IN defining the threat posed by Islamic-inspired terrorism, security experts are fond of using the word “transnational”
As the term suggests, it implies a threat that recognises no borders, reaching beyond or transcending national boundaries. In the last few weeks the city of Brussels and its citizens found to their cost just what transnational terrorism means.
These days, however, it is not only terrorism that poses a transnational threat. Religious intolerance too, it seems, has increasingly become no respecter of global boundaries.
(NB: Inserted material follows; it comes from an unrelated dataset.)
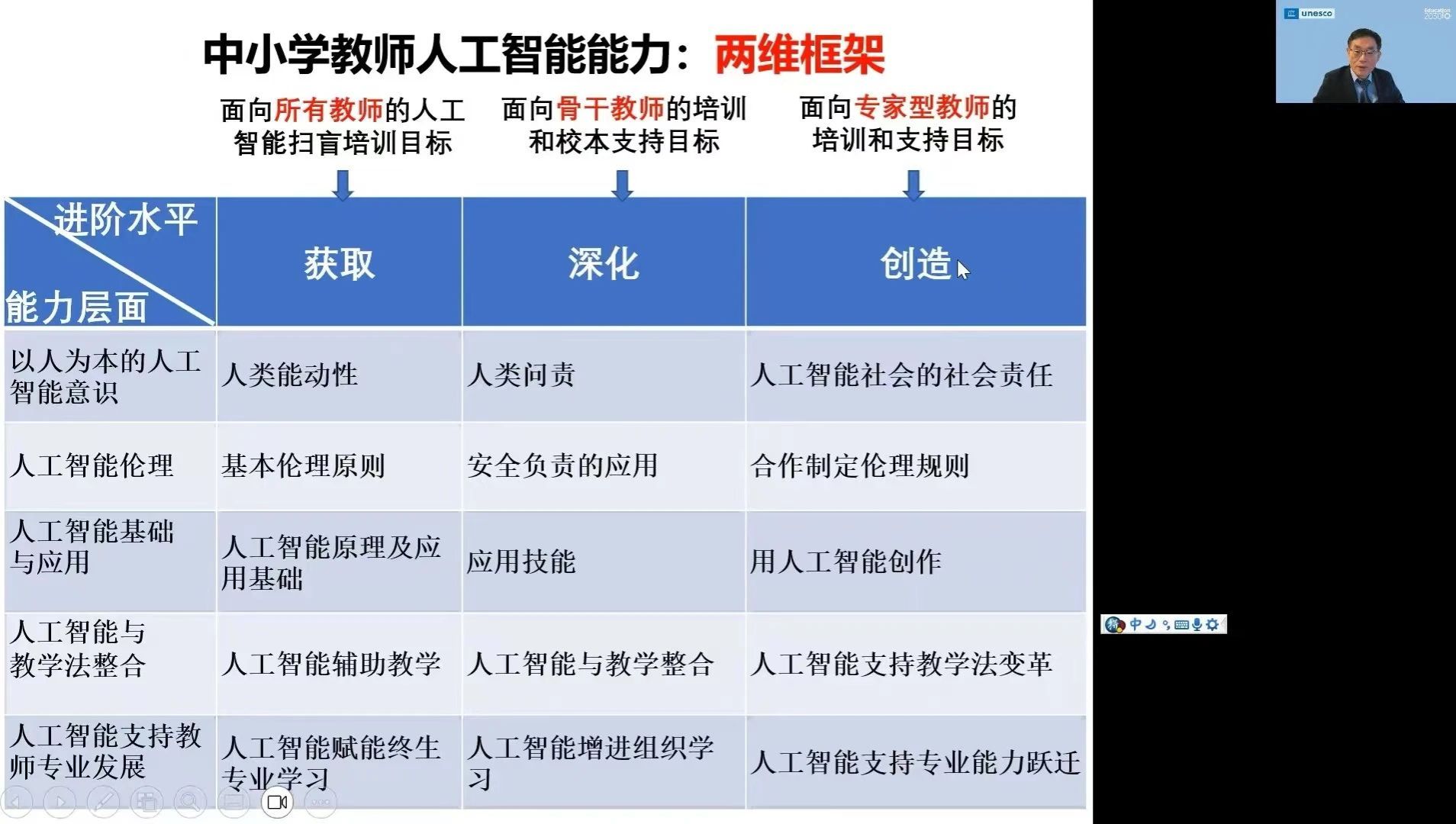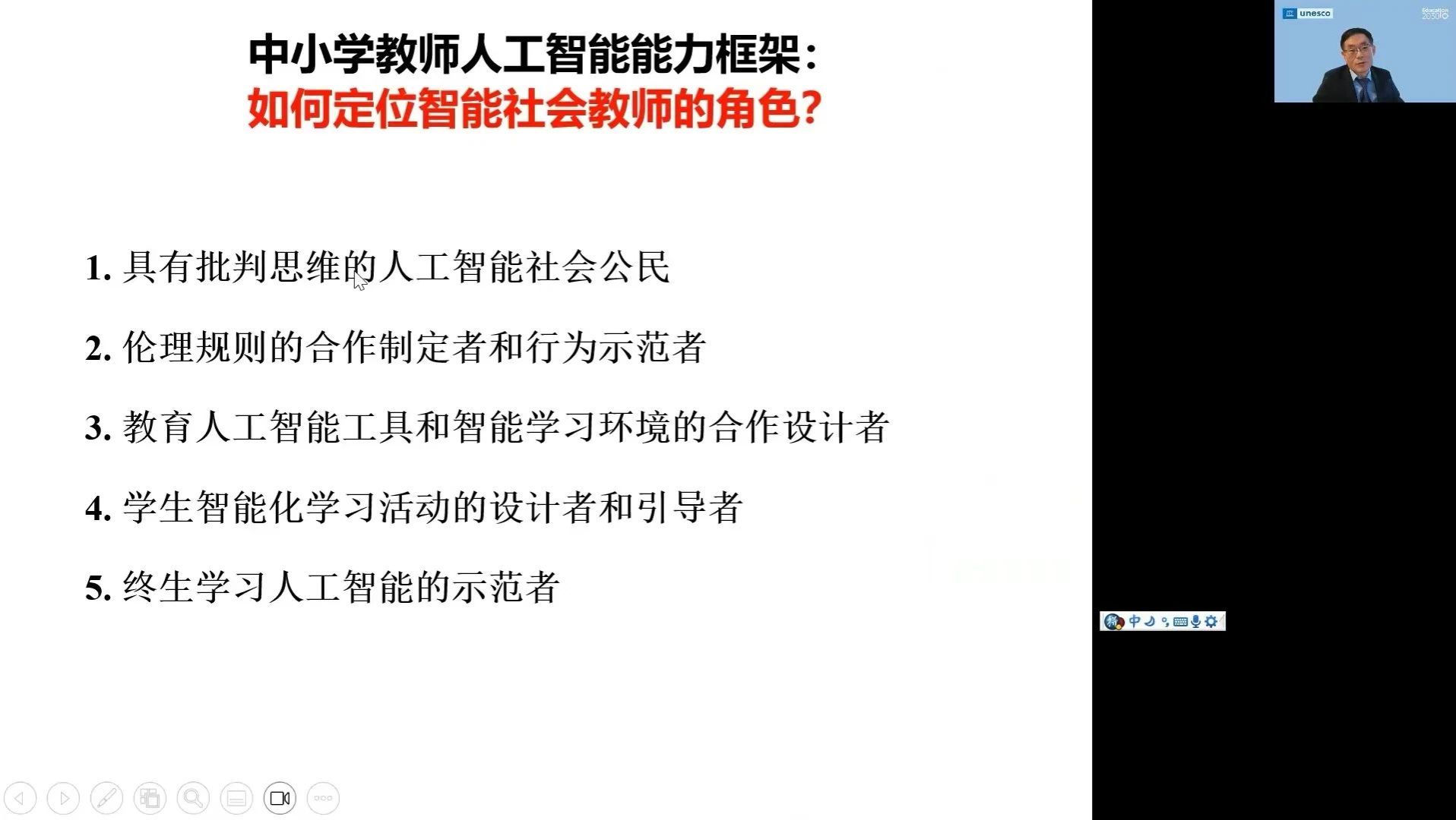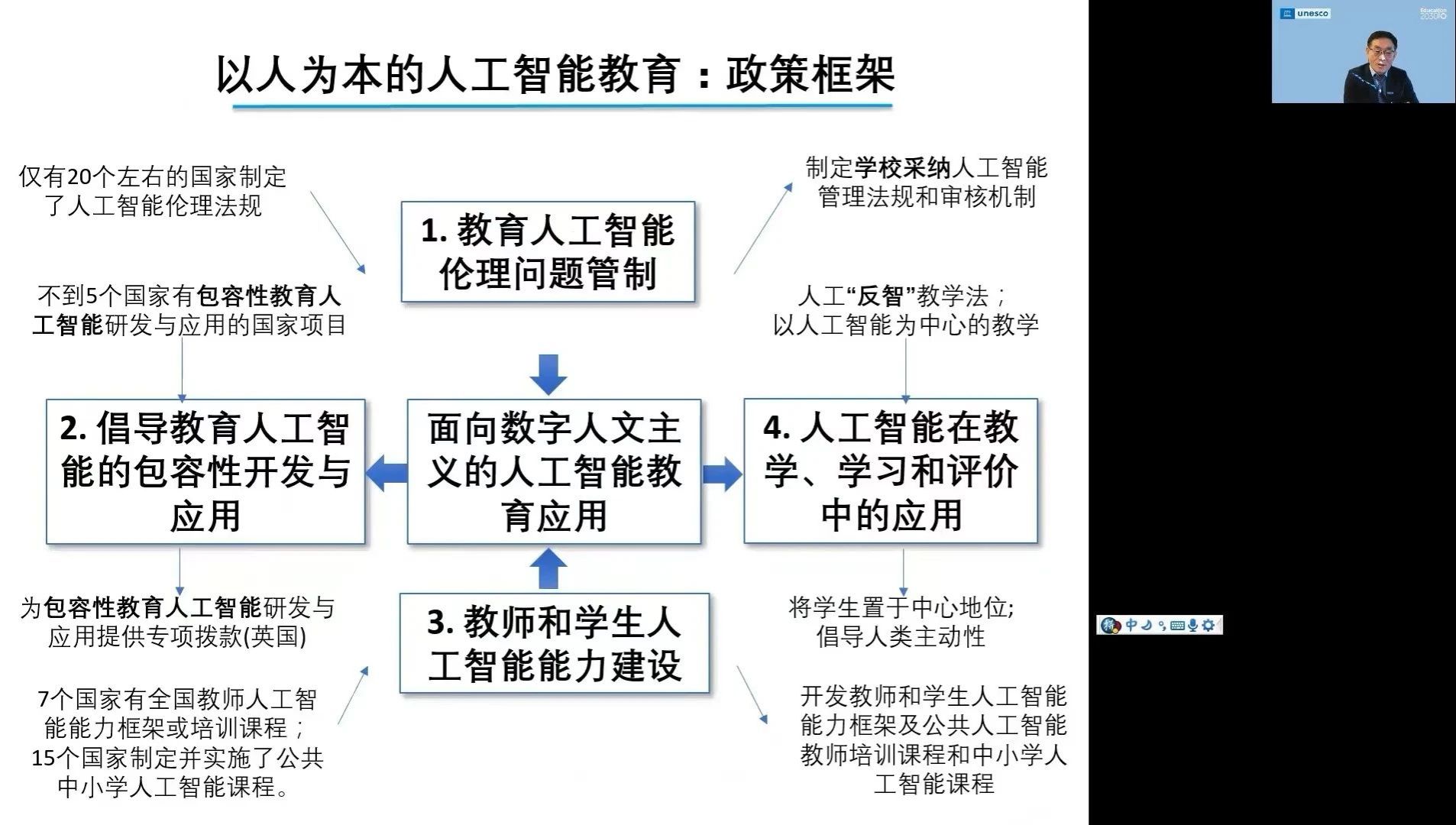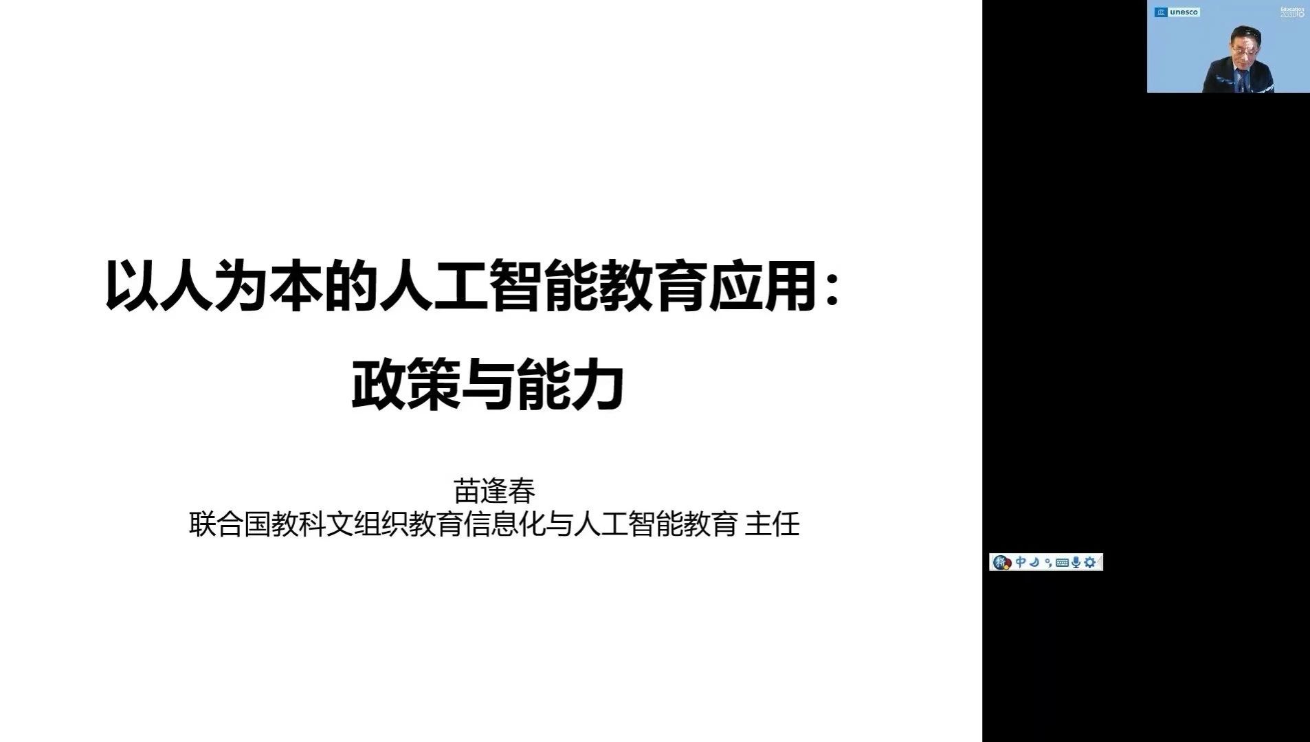 苗逢春博士围绕三个方面展开讲座,一是以人为本的人工智能与教育:政策框架;二是UNESCO全球中小员工人工智能能力框架;三是UNESCO全球中小学教师人工智能能力框架。

Over Easter, Pakistan saw a series of violent incidents that once again revealed the various shades of religious extremism and intolerance in that country. In Islamabad, protesters there turned out to demonstrate against the execution of a former policeman Mumtaz Qadri, guilty of murdering Salman Taseer, the former governor of Punjab province, because of his critical stance toward Pakistan’s blasphemy laws. The Islamabad protesters were Barelvis, a moderate section of Sunni Islam deemed to follow a relatively peaceful line and with deep connections to various Sufi orders. And yet Qardi himself was a Barelvi. Over and above demanding that the executed Qadri be declared an official martyr, the protesters also wanted the imposition of an Islamic system within Pakistan.
This insistence by some that others must view religion through one singular prism and that there is no room for alternative views, beliefs or reasonable criticisms is not unique to Pakistan and can be found across the globe.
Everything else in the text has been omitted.